First terminal: Listen for ICMP packets on the physical interface (eth0).
root@kienlt-lab-utilities:~# tcpdump -i eth0 icmp -n
Second terminal: send a ping from inside the container.
# Nginx containers don't have a built-in shell by default, so we use nsenter
root@kienlt-lab-utilities:~# PID=$(docker inspect -f '{{.State.Pid}}' nginx-demo)
root@kienlt-lab-utilities:~# nsenter -t $PID -n ping 8.8.8.8 -c 1
PING 8.8.8.8 (8.8.8.8) 56(84) bytes of data.
64 bytes from 8.8.8.8: icmp_seq=1 ttl=112 time=24.9 ms
--- 8.8.8.8 ping statistics ---
1 packets transmitted, 1 received, 0% packet loss, time 0ms
rtt min/avg/max/mdev = 24.859/24.859/24.859/0.000 ms
Output of first terminal:
root@kienlt-lab-utilities:~# tcpdump -i eth0 icmp -n
tcpdump: verbose output suppressed, use -v[v]... for full protocol decode
listening on eth0, link-type EN10MB (Ethernet), snapshot length 262144 bytes
15:30:56.850483 IP 172.25.110.76 > 8.8.8.8: ICMP echo request, id 1, seq 1, length 64
15:30:56.875204 IP 8.8.8.8 > 172.25.110.76: ICMP echo reply, id 1, seq 1, length 64
Let's break down 2 lines
172.25.110.76 > 8.8.8.8: ICMP echo request, id 1, seq 1, length 64. This happens when the container sends a ping request to the outside world.8.8.8.8 > 172.25.110.76: ICMP echo reply, id 1, seq 1, length 64. This happens when the outside world replies to the container's ping request.
Wait, but earlier I mentioned that the Kernel uses a conntrack table to remember this mapping.

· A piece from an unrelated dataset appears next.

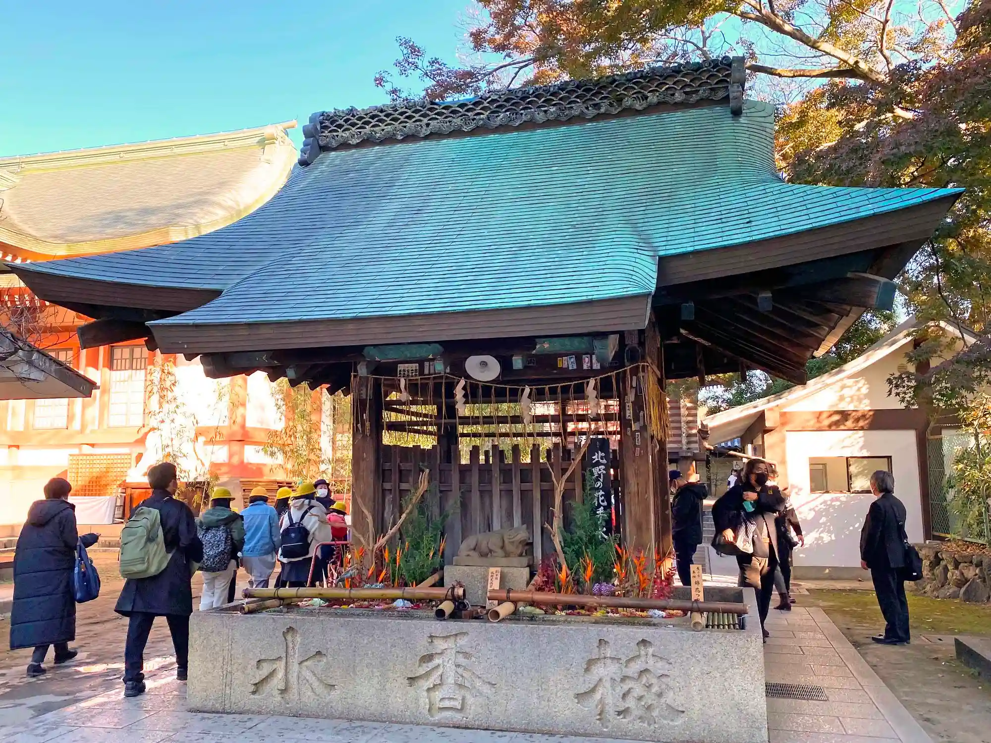 堂門をくぐって右側にある、立派な<手水舎>。<北野の花手水>というだけあって、とてもきれい。屋根が守っているのは手水盤や参拝者ではなく牛の像?...(^_^;)

How can we prove that? Let's verify it!
Because a single ping (-c 1) terminates quickly, its conntrack entry might expire before we can catch it. Let's do a continuous ping from the container instead.
# Terminal 2
root@kienlt-lab-utilities:~# nsenter -t $PID -n ifconfig
eth0: flags=4163<UP,BROADCAST,RUNNING,MULTICAST> mtu 1500
inet 172.17.0.2 netmask 255.255.0.0 broadcast 172.17.255.255
ether b6:3c:9e:1f:12:cb txqueuelen 0 (Ethernet)

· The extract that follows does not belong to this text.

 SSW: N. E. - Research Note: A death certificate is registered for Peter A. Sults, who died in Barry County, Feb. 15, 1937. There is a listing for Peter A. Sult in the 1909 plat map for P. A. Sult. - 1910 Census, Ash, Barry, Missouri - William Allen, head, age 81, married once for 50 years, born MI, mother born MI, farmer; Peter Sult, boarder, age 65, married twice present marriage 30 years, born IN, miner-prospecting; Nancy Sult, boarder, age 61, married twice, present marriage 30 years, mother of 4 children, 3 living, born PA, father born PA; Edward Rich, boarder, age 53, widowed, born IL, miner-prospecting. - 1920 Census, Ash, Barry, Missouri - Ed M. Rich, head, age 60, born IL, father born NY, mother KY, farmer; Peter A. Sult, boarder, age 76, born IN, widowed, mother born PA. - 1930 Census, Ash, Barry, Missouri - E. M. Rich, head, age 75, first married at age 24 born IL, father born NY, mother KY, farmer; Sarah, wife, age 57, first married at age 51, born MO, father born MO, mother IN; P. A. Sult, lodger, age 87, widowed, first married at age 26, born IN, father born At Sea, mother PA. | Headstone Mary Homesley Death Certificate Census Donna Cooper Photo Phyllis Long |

RX packets 326 bytes 30416 (30.4 KB)
RX errors 0 dropped 0 overruns 0 frame 0
TX packets 306 bytes 28868 (28.8 KB)
TX errors 0 dropped 0 overruns 0 carrier 0 collisions 0
# See the IP of eth0 in container (172.17.0.2)
root@kienlt-lab-utilities:~# nsenter -t $PID -n ping 8.8.8.8
In the First terminal: you might need to install the conntrack package (apt install conntrack)
root@kienlt-lab-utilities:~# conntrack -L|grep icmp
conntrack v1.4.8 (conntrack-tools): 3 flow entries have been shown.
icmp 1 29 src=172.17.0.2 dst=8.8.8.8 type=8 code=0 id=2 packets=25 bytes=2100 src=8.8.8.8 dst=172.25.110.76 type=0 code=0 id=2 packets=25 bytes=2100 mark=0 use=1
Let's break down the output of conntrack!
- The original direction (the request):
src=172.17.0.2 dst=8.8.8.8. This shows the packet leaving the container (172.17.0.2) and heading toward8.8.8.8. - The reply direction (the expected response):
src=8.8.8.8 dst=172.25.110.76. Here is the magic! The reply packet comes from8.8.8.8back to our Host's static IP (172.25.110.76). The Kernel recognizes this as the reply to the original connection. After that, the Kernel will rewrite the destination IP from172.25.110.76->172.17.0.2before sending the packet into the container!
Here is a visual flow of the entire process (made with mermaid.live)

Conclusion
That wraps up the two-way street of Docker networking:
- Ingress (Incoming): Uses DNAT to map Ports.
- Egress (Outgoing): Uses MASQUERADE (SNAT) to map IPs.